Containers are a hot topic. Most companies are adopting or evaluating the technology – Docker in particular – to speed up application deployment, drive down cost, ease management and make application delivery more flexible overall.
As with most new architectures, this dream takes a bunch of work to become a reality. Even when you do get your application componentized enough and packaged properly, there are still challenges for DevOps teams to making the shift to continuous delivery and achieving that reduction in cost and increase in speed.

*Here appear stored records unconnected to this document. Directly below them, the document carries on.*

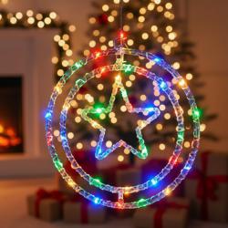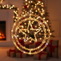 Технически характеристики Материали: висoкокачествен PVC + интегрирани LED диоди Размери: вътрешна звезда 15.5 см; вътрешен ринг 25.5 см; външен ринг 32 см Светлини: топло бяло, студено бяло или многоцветно LED осветление Захранване: 220V Безопасност: ниско нагряване, подходяща за деца Допълнителни елементи: 360° въртящ механизъм Подходящ за: Коледа, Новогодишни празници, Дивали, партита, елха, витрини, стени Опаковка: защитна опаковка, готова за подаряване |
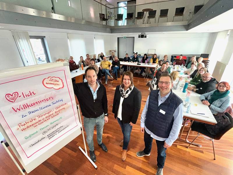 Hammerle ging im ersten (theoretischen) Teil zunächst auf die Fragen ein, was eine psychische Störung überhaupt ausmacht, welche verschiedenen Formen es gibt und wie Leidensdruck und Nachteile im Leben auf Kinder und Jugendliche so stark wirken, dass am Ende unter Umständen die Schulunfähigkeit steht. Zudem stellte der Psychologe das novellierte Diagnosesystem vor, das nun u.a. eine andere Alterseinstufung bei ADHS enthält sowie komplexere Traumata und auch Störungen wie Essattacken berücksichtigt. Es folgte am Nachmittag eine praxisbezogene Reflexion der eigenen Haltung mit Tipps zu konkreten Handlungsmöglichkeiten.
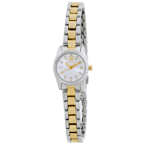 Silver-tone stainless steel case with a two-tone (silver-tone and gold-tone) stainless steel bracelet. Fixed silver-tone stainless steel bezel. White dial with gold-tone hands and crystal-Roman numeral hour markers. Dial Type: Analog. Quartz movement. Scratch resistant mineral crystal. Pull / push crown. Solid case back. Round case shape, case size: 19 mm. Deployment with push button release clasp. Water resistant at 50 meters / 165 feet. Functions: hour, minute, second. Lexington Series. Dress watch style. Michael Kors Micro Lexington Quartz Ladies Watch MK4903.
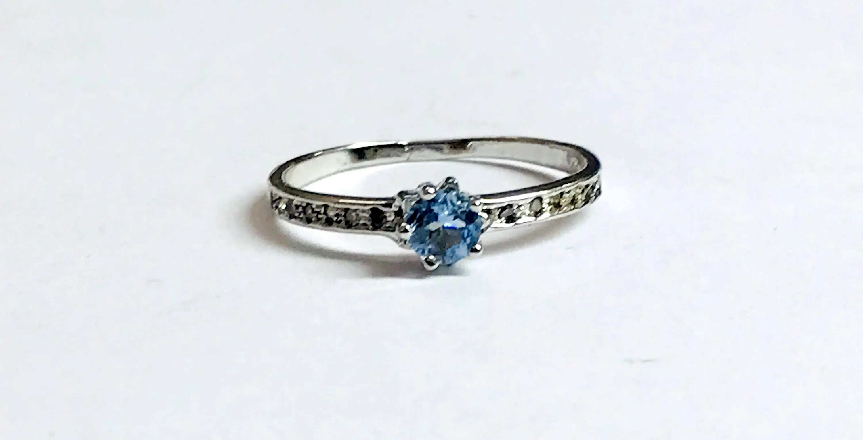 DAINTY AQUAMARINE DIAMONDS Sterling Silver Ring ,March Birthstone,Wedding Gift,Promise Ring for Her,Lovely gift for Loved ones ....

When deploying our app, VCTR (sounds like Victor), we discovered a few of these challenges. Here are our top 5 challenges when trying to move to container deployment for VCTR and how we solved them:
1. Unruly Scripts cost time and developers
Building out the script to deploy our complex, multi-container application was a job in itself. We had to assign a full-stack developer who understood the full architecture and pull him away from building actual product features. Our now “full-time overpaid script guru” spent hours to days updating the script every time we had a new feature to deploy. From a simple 200 lines of code to over 2,000 lines of chaos, the script grew and our productivity lagged.

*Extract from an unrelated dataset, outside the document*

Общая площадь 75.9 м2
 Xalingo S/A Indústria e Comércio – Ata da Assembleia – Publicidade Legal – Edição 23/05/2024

2. Upgrades are hit or miss
Upgrading our app was a shot in the dark. From small patches to new features, though we tested all permutations of functionality, we had no way to test out the deployment itself. We’d get hung up by silly stuff like “we forgot to purge the db connection” or “we needed to deploy container 1 before destroying container 2”. We attempted to fail forward but ended up spending tons of time debugging instead.
3. Redeploy is not a solution.
In a fully available application, downtime is not an option. The deploy and pray methodology didn’t do much for our nerves (or our careers) either. So, our script guru did his very best to “Fail Forward” by just redeploying and hoping for a fix. That worked sometimes but never allowed us to actually pinpoint and fix the underlying problems.
4. Manual Rollbacks != Fun
When the not-so-trusty redeploy failed, and fail-forward took too long, script guru had to manually roll-back our changes. Imagine the wonderful feeling of removing what he deployed piece by piece while having the team breathing down his neck asking for an estimated time for a ‘fix’. Even when he did get it working…
5. No one knew what we deployed, except our script guru.
The development team is making updates based on a supposed end-state they think exists. The Ops team is sending in reports of issues but the dev team says it “works for them”. The cycle continues until someone opens the access to production to pinpoint the problem. Not very easy, flexible or reliable, is it? Oh, and our newly minted script guru has to be around for every deploy. Probably great for his job security but terrible on his personal life. HE CAN NEVER LEAVE..
We realized if we couldn’t solve these problems, there was no path to true continuous deployment. Evidently we were discovering what some tech giants had already realized – they needed a deployment system. That’s why Netflix developed Spinnaker, but it’s designed for a previous generation of infrastructure. That’s why Uber developed Micro Deploy, but they haven’t shared it so you can’t run that.
So we built Skopos, what our script guru calls “continuous deployment for the rest of us”.
We’re in the beta phase with Skopos, so you can check out the full blown product without a registration: https://github.com/datagridsys/skopos-sample-app. We know it solves all of our initial problems with deployment and probably will do the same for you.
To conclude our story, script guru (aka Pavel) is back to building features.